◆ TASK
Please copy exactly the part of the records below that opens with the line containing "进入21世纪后,合成生物学迎" and closes with the line containing "По окончании акции", leaving out any pictures.

◆ RECORDED DATA
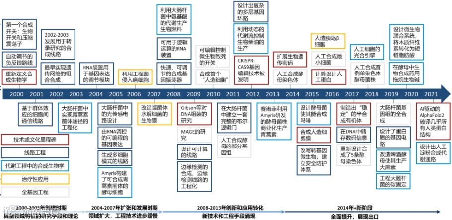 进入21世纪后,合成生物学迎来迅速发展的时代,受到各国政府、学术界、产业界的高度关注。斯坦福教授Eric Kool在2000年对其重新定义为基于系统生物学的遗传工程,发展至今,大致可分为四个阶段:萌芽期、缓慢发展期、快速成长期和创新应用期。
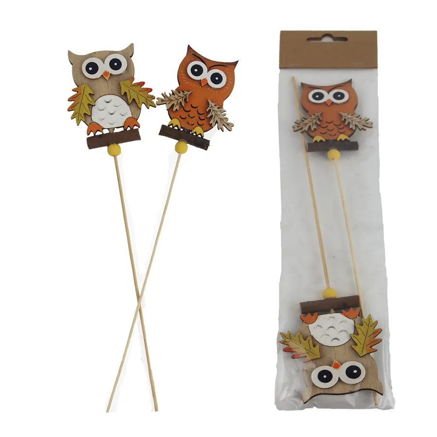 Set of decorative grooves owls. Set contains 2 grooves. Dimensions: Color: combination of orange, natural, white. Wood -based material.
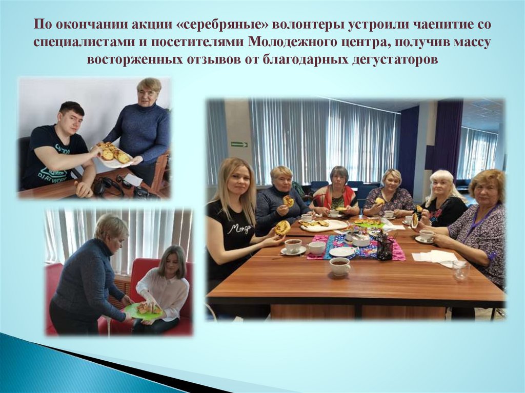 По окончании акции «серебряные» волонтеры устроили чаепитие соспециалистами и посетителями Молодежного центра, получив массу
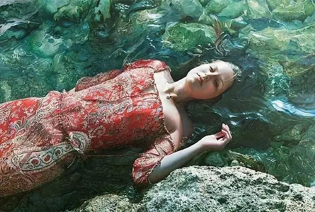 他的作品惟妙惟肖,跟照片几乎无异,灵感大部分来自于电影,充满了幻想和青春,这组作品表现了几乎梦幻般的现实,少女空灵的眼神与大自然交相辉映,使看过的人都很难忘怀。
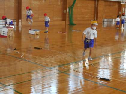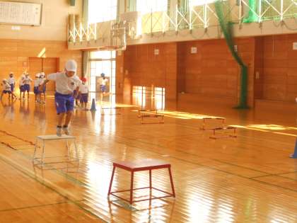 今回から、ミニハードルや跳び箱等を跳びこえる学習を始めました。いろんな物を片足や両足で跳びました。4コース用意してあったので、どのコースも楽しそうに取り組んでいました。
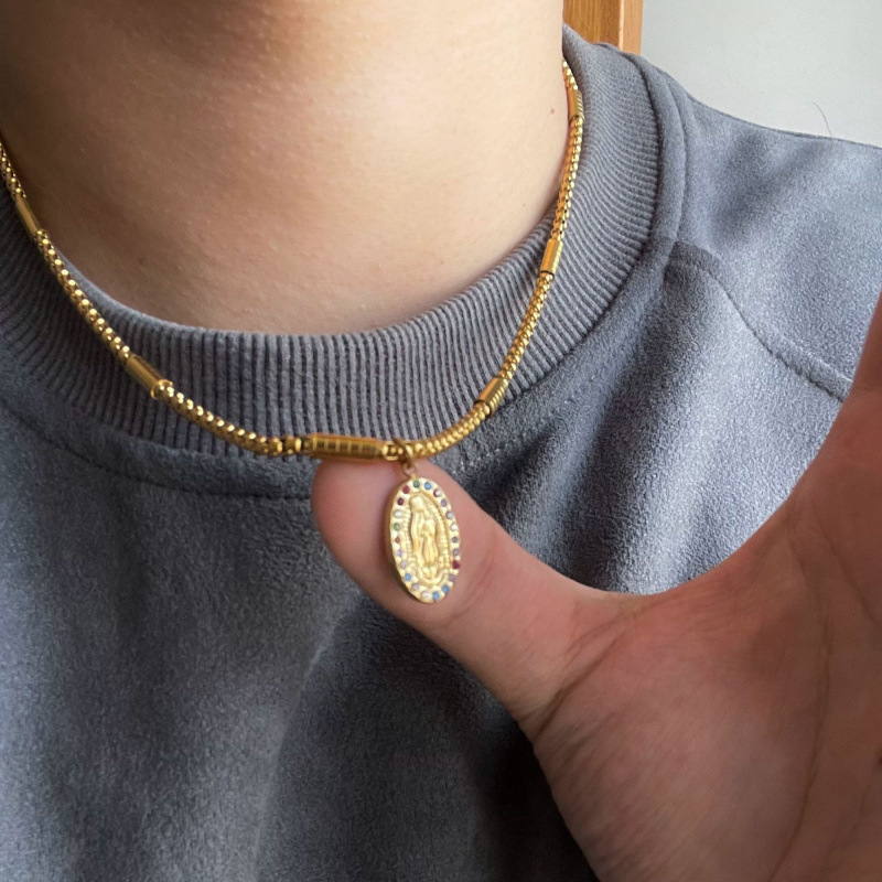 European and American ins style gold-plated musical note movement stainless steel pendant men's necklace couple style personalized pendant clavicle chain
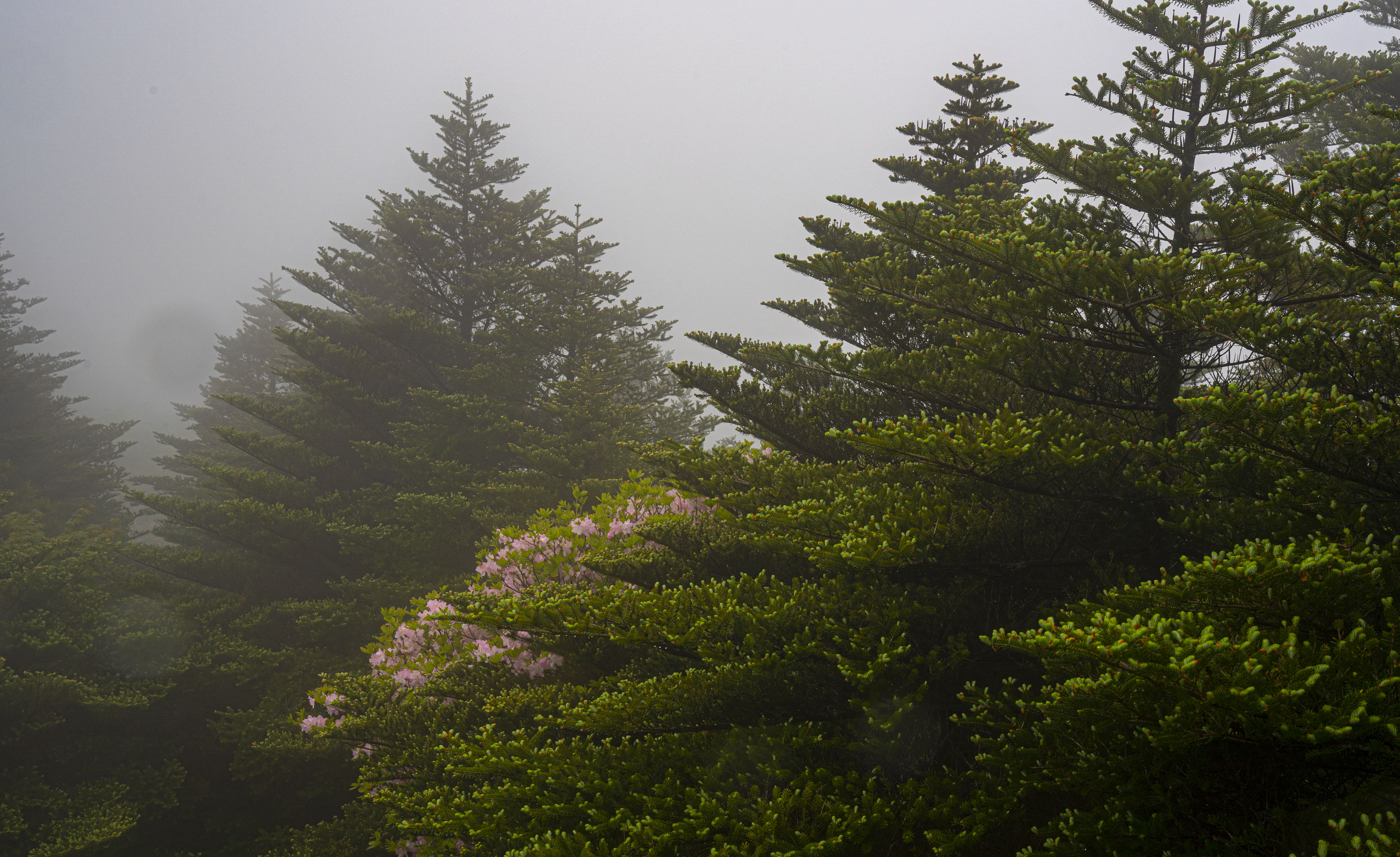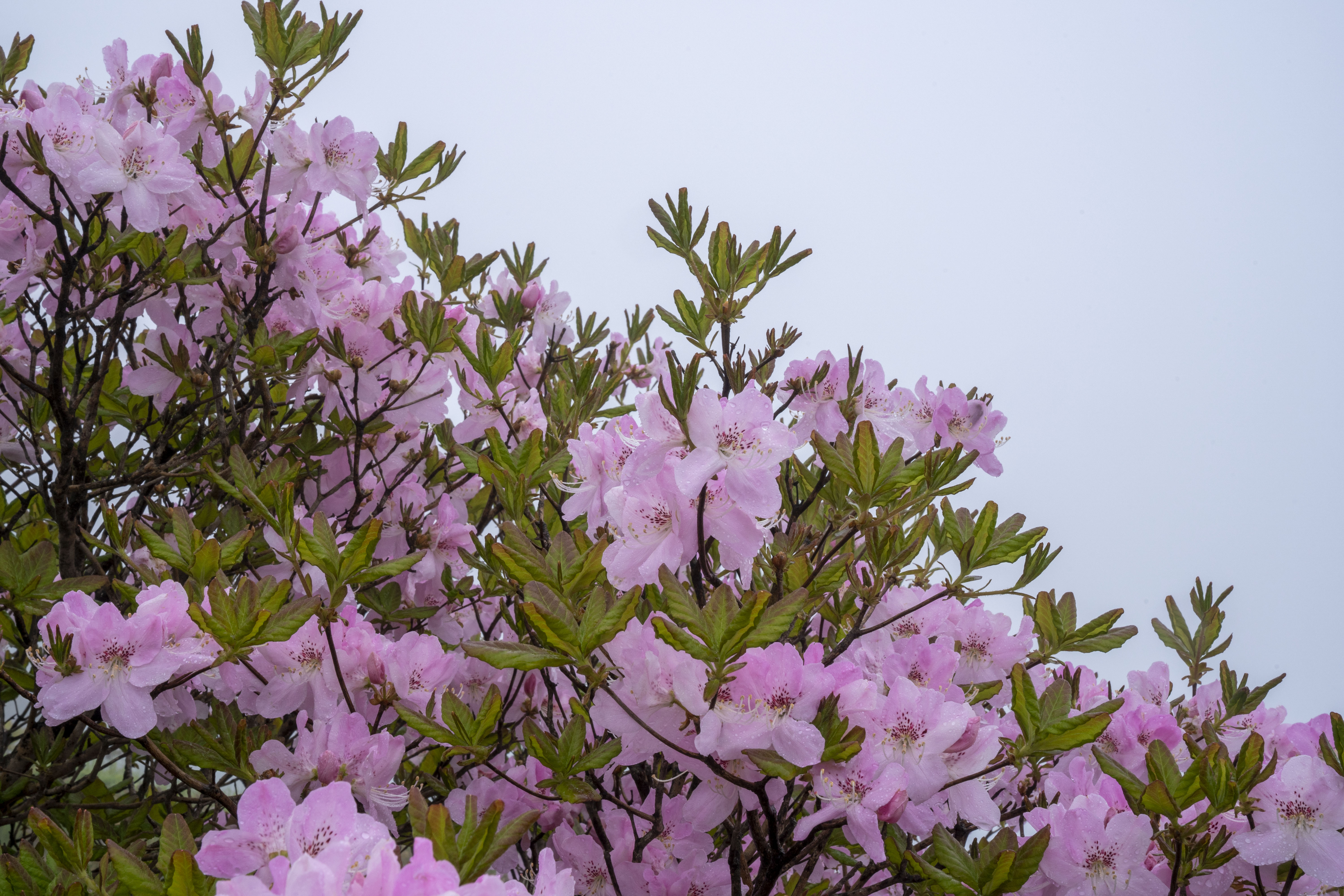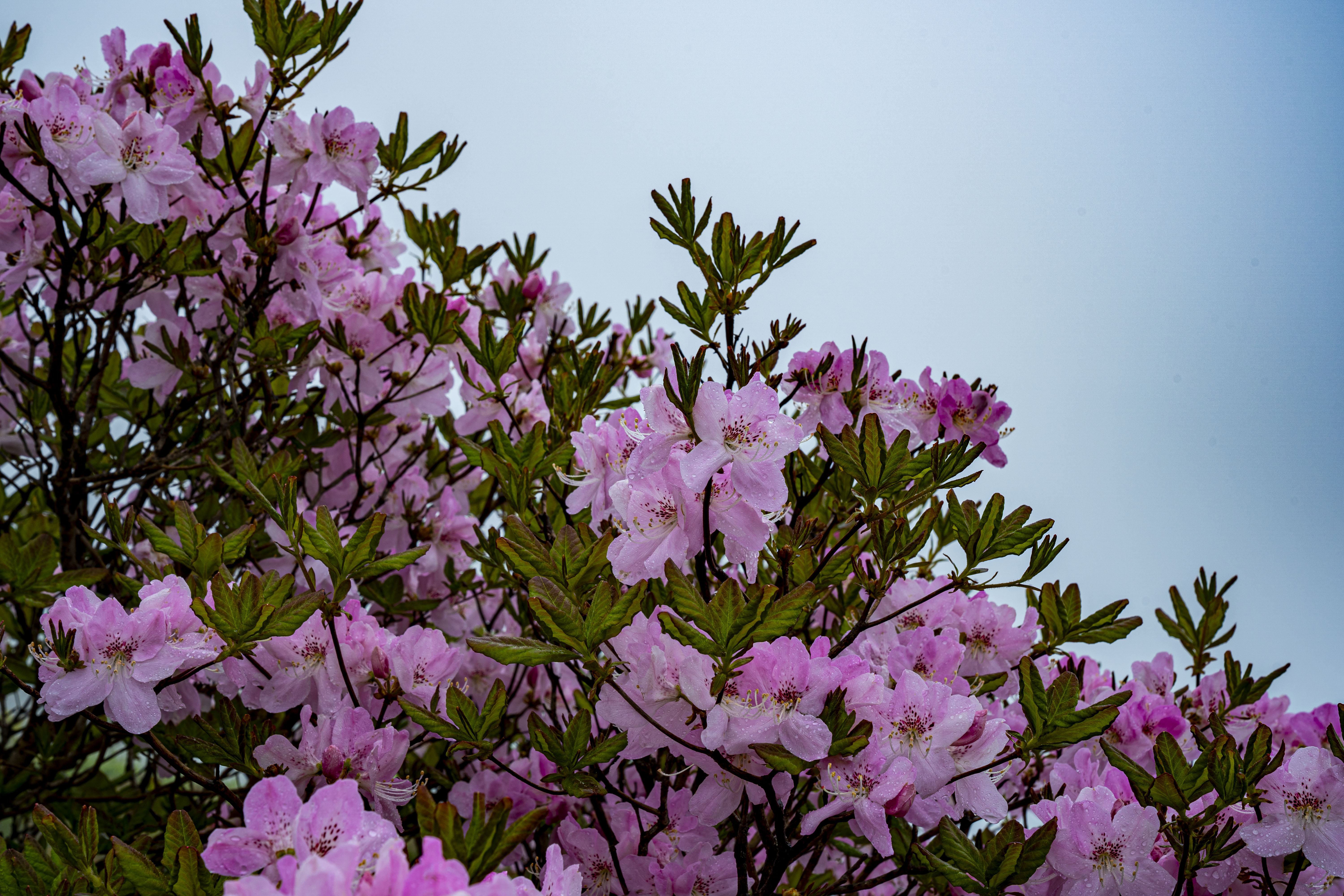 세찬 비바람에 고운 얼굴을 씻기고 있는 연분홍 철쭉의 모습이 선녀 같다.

---

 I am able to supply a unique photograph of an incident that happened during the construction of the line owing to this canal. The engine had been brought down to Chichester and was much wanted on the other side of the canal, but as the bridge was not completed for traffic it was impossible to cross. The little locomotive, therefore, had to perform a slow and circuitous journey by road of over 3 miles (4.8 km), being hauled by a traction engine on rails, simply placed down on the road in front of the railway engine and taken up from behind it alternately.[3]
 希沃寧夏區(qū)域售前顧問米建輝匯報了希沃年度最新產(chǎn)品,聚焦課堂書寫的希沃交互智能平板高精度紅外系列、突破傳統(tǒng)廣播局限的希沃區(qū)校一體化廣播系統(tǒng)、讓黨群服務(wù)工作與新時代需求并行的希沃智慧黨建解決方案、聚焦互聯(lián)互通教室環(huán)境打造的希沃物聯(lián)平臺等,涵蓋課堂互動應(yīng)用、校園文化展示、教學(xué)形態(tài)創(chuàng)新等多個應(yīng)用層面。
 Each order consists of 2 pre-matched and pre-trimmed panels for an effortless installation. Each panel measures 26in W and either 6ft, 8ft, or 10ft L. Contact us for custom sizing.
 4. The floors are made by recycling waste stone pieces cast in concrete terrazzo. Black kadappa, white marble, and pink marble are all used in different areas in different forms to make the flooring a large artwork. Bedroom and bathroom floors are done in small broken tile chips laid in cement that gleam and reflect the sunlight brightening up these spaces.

◆ ANSWER SPACE
 进入21世纪后,合成生物学迎来迅速发展的时代,受到各国政府、学术界、产业界的高度关注。斯坦福教授Eric Kool在2000年对其重新定义为基于系统生物学的遗传工程,发展至今,大致可分为四个阶段:萌芽期、缓慢发展期、快速成长期和创新应用期。
 Set of decorative grooves owls. Set contains 2 grooves. Dimensions: Color: combination of orange, natural, white. Wood -based material.
 По окончании акции «серебряные» волонтеры устроили чаепитие соспециалистами и посетителями Молодежного центра, получив массу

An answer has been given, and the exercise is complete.